M. Villemain a peut-être pris trop au sérieux le respect de Byron pour le génie de Pope et sa correspondance avec Murray sur Bowles. Esprit lucide et pénétrant, écrivain d’une rare élégance, habile à traiter les plus hautes questions de la philosophie dans une langue harmonieuse, Pope n’a pas connu l’inspiration poétique. Quand Byron parlait du génie de Pope, il ne livrait pas le fond de sa pensée. Le poète qui a écrit le Pèlerinage d’Harold et Don Juan ne pouvait saluer comme un génie l’auteur de l’Essai sur l’homme. Les louanges qu’il prodiguait à l’ami de Bolingbroke n’étaient qu’une ruse de guerre, une manière ingénieuse de dérouter ses ennemis littéraires. Ce n’est pas la première fois que les novateurs se rangent parmi les partisans les plus dévoués de la tradition. Byron devait admirer chez Pope la correction et la pureté du style, et lui demander plus d’un conseil ; mais je ne crois pas qu’il soit sincère en exaltant son génie.

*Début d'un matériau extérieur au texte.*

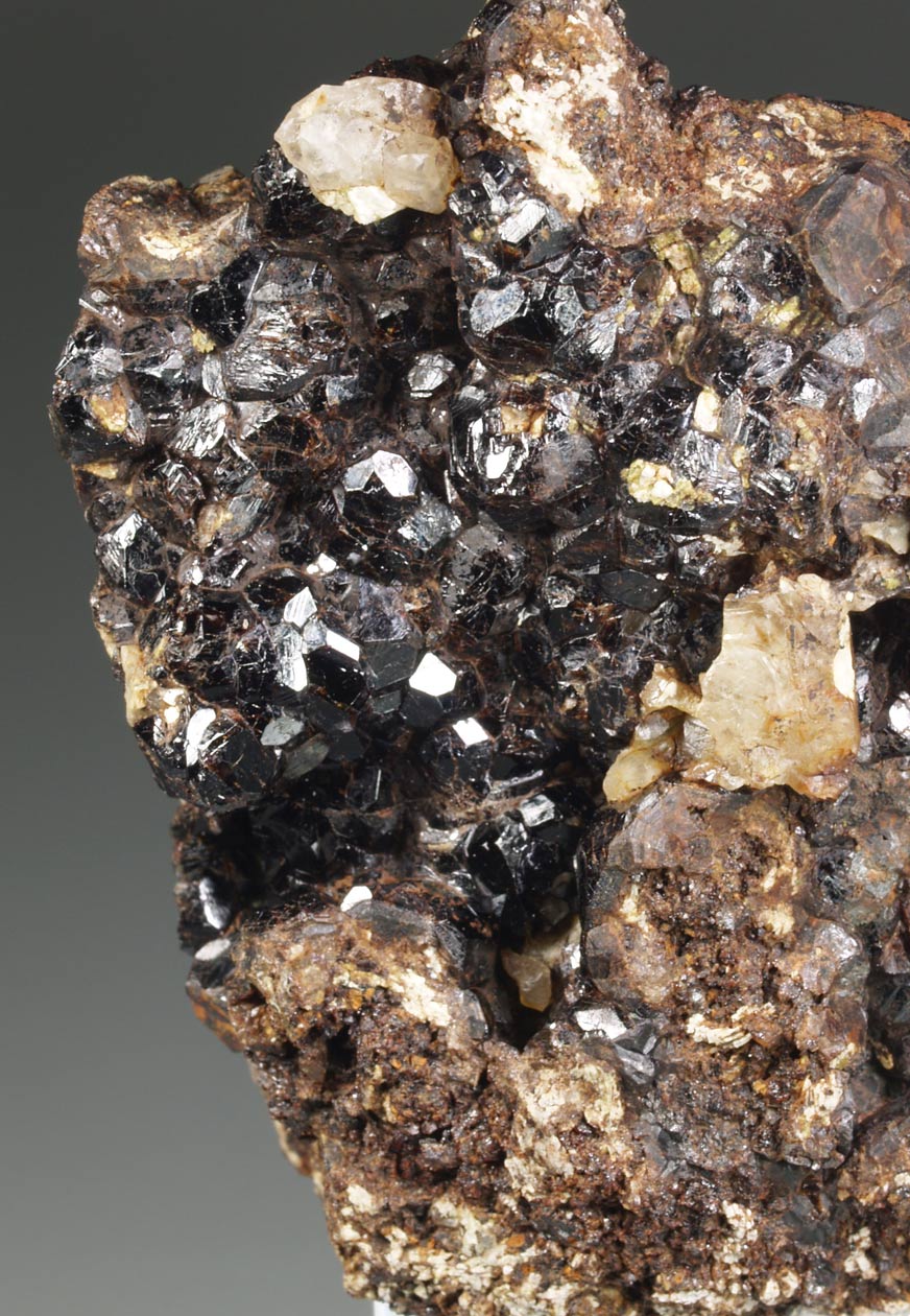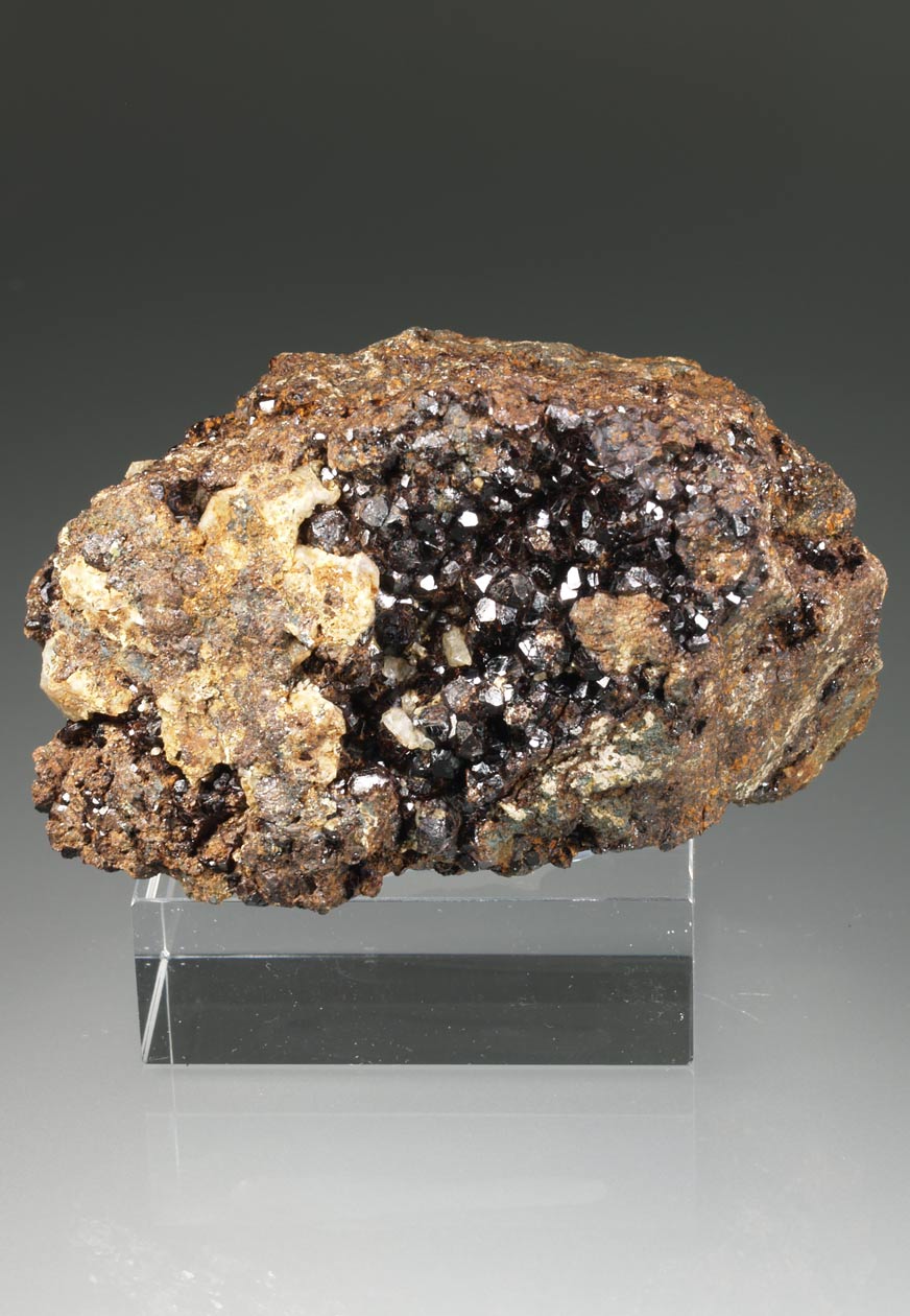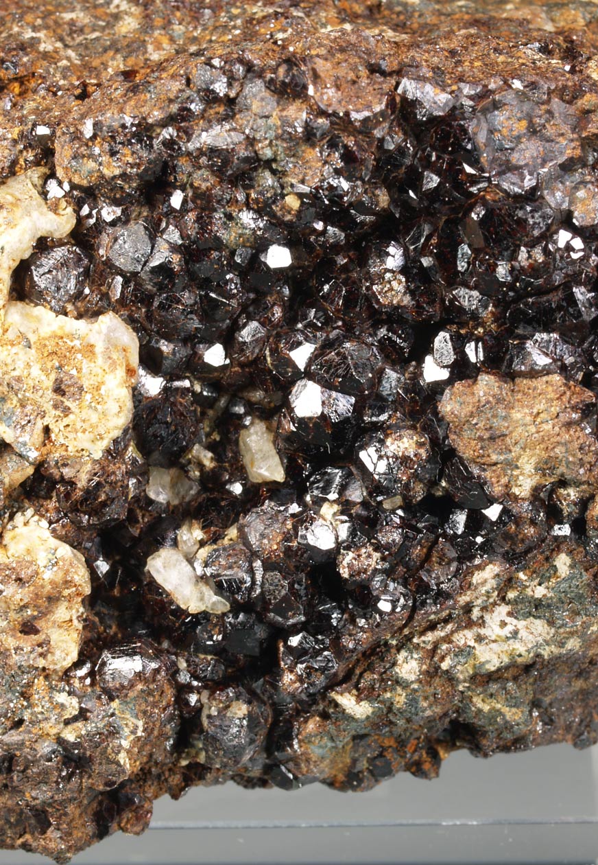 Estos ejemplares proceden de un hallazgo antiguo en la zona de Felhuns. Se trata de un skarn donde aparecieron vetas de granate. Actualmente está totalmente prohibido extraer ejemplares, debido, como sucede a menudo, a los actos de desaprensivos que no sólo extraen ejemplares sino que destrozan el lugar. Se trata de cristales dodecaédricos a menudo biselados por el trapezoedro, muy brillantes, con un color de miel tostada muy intenso, con cierta transparencia. Este ejemplar es flotante. Se han analizado y los resultados indican una proporción andradita-grosularia alrededor del 65-35% (anàlisis RM333A).

Quant à l’école des lacs, M. Villemain me parait la juger trop sévèrement. Je ne parle pas de Southey, qui était plutôt un versificateur qu’un poète ; mais il y a dans Coleridge et dans Wordsworth plus d’une page que Byron lui-même n’eût pas désavouée. Si l’Excursion et Christabel ne sont pas des œuvres accomplies, elles sont animées d’un sentiment vraiment poétique, et la ballade du Vieux Matelot est un des récits les plus émouvans de la littérature moderne. Si parfois, chez Coleridge et chez Wordsworth, la naïveté dégénère en puérilité, ce défaut, que je n’entends pas contester, est racheté par des beautés de premier ordre. On peut affirmer qu’ils n’ont obtenu ni en Angleterre ni en Europe la renommée qu’ils méritent. Je regrette que M. Villemain ne leur ait pas assigné le rang qui leur appartient. Cette erreur n’enlève rien à la valeur générale de son étude sur Byron ; mais il est utile de la signaler, parce qu’elle pourrait s’accréditer : l’autorité légitime de son nom pourrait la faire accepter comme une vérité irrécusable, comme une affirmation démontrée sans retour ; l’injustice involontaire d’un esprit éclairé est un danger pour la foule.